Pursuant to 6 Del. C. § 18-1107(l), a domestic limited liability company that has ceased to be in good standing may not maintain any action, suit, or proceeding in any Court of the State of Delaware until such limited liability company has been restored to and has the status of a domestic limited liability company in good standing in Delaware (emphasis added). Since the taxes were paid and the corporate charter was reinstated, Chantz was permitted to maintain the suit in the State of Delaware.
II. Did Chance have the legal authority to reinstate the corporate charter?
The next issue that the Court must consider is whether Chance had the legal authority to reinstate the corporate charter, which ultimately would allow Chantz to have the legal authority to prosecute the action. At the February 25, 2010 hearing, defense counsel relied upon In re Grupo Dos Chiles, LLC ("Grupo") and argued that a member of an LLC may not unilaterally reinstate the corporate charter. In that case, a limited liability company lost its good standing with the State of Delaware because of a failure to pay Delaware taxes. Alfred Shriver, one of the managing partners, following an internal dispute, attempted to dissolve the corporation's affairs. The other managing partner, Yolanda Martinez, however, paid the company's taxes and had it restored to good standing with the State of Delaware, even though Alfred Shriver opposed the decision.
In re Grupo Dos Chiles, LLC, 2006 WL 668443 (Del. Ch.).
The Court held that the company was not properly returned to good standing and held that, "in the unique circumstances presented, a co-equal member of a limited liability company is not entitled to unilaterally restore the company to good standing by paying owed taxes and penalties, where the other member or members did not agree with the decision and the members were in litigation with regard to the dissolution of the company."
Id. at 4.
This case can be distinguished from Grupo.
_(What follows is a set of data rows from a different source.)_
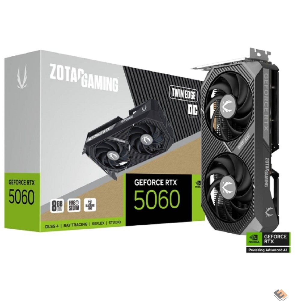 Видеокарта ZOTAC GAMING GeForce RTX 5060 TWIN EDGE 8Gb GDDR7 128 bit 2280/2527 MHz 3*DP/HDMI 2*FAN RTL (ZT-B50600E-10M)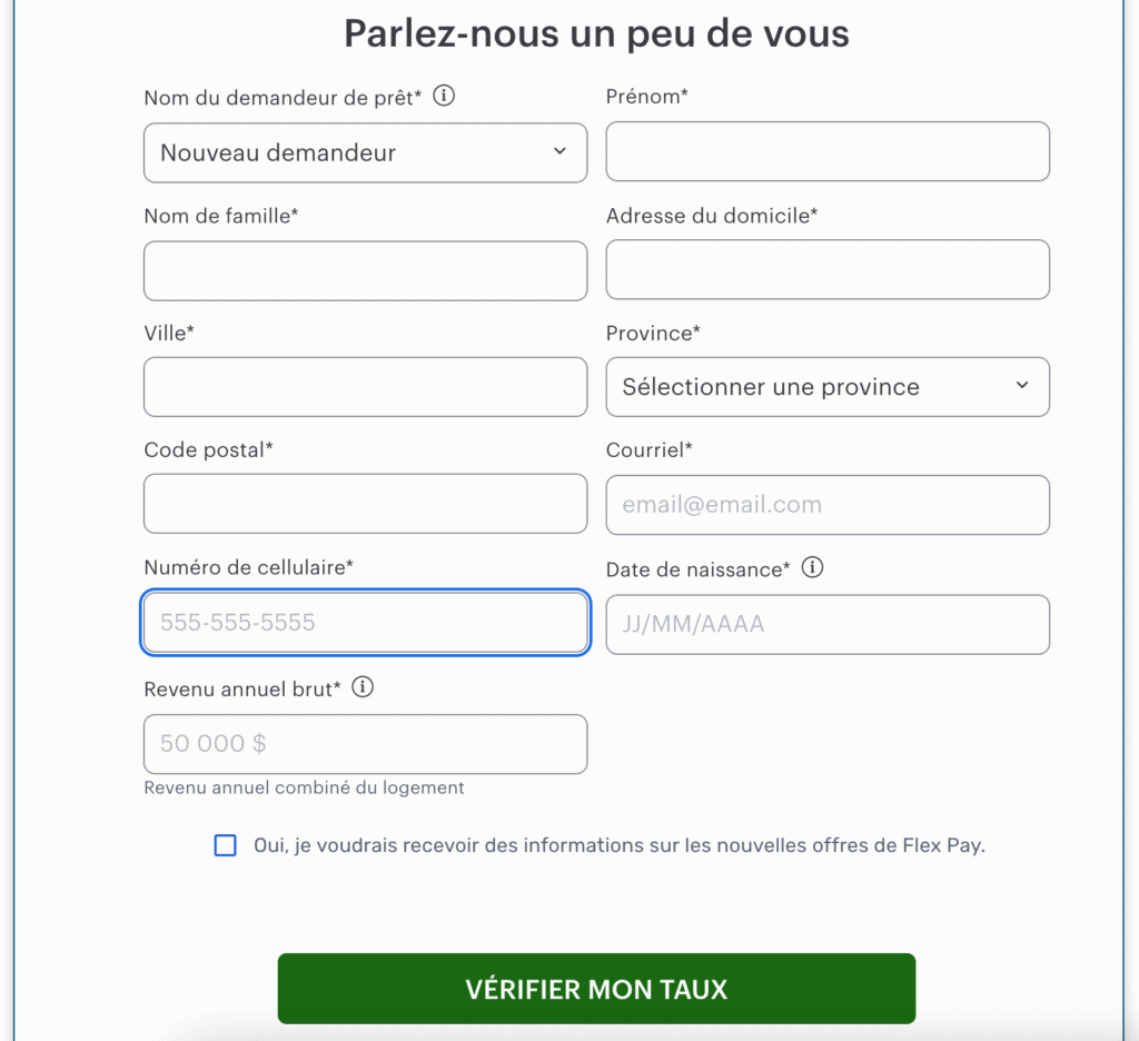 À ce stade, vous devrez saisir quelques informations pour que Flex Pay puisse décider si vous remplissez les conditions requises pour le prêt, avec quel taux d’intérêt et quel calendrier de paiement. Les informations requises comprennent généralement votre nom complet, votre adresse, votre adresse électronique et votre revenu annuel brut.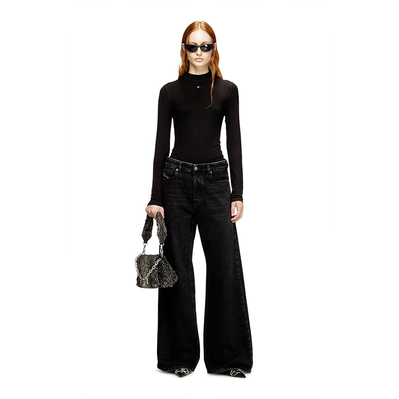 Made from fix denim with a percentage of regenerative cotton and a clean black finish. Part of Diesel's DNA selection of iconic and essential washes.

Following the February 2010 hearing, Plaintiffs provided sworn affidavits from Mr. L. Dale Pretz and Mr. Alfonso Lopez, who along with Chance make up 75% of the equity ownership of Chantz. In both of the affidavits provided by Mr. Pretz and Mr. Lopez, the co-equal members, each holding a 25% ownership interest in the corporation, ratified and approved the decision of Chance to reinstate the limited liability company to good standing. The affidavits prove that Chance did not unilaterally restore the company to good standing absent his co-members' agreement, and to the extent that it could be argued otherwise, 75% of the membership have now ratified that action. Also, there was no pending litigation or dispute between the members in regard to the dissolution of the company in the instant matter. Thus, Chance had the legal authority to reinstate the charter, and Chantz's good standing was properly restored.
CONCLUSION
Based on the foregoing, Defendants' Motion to Dismiss is DENIED.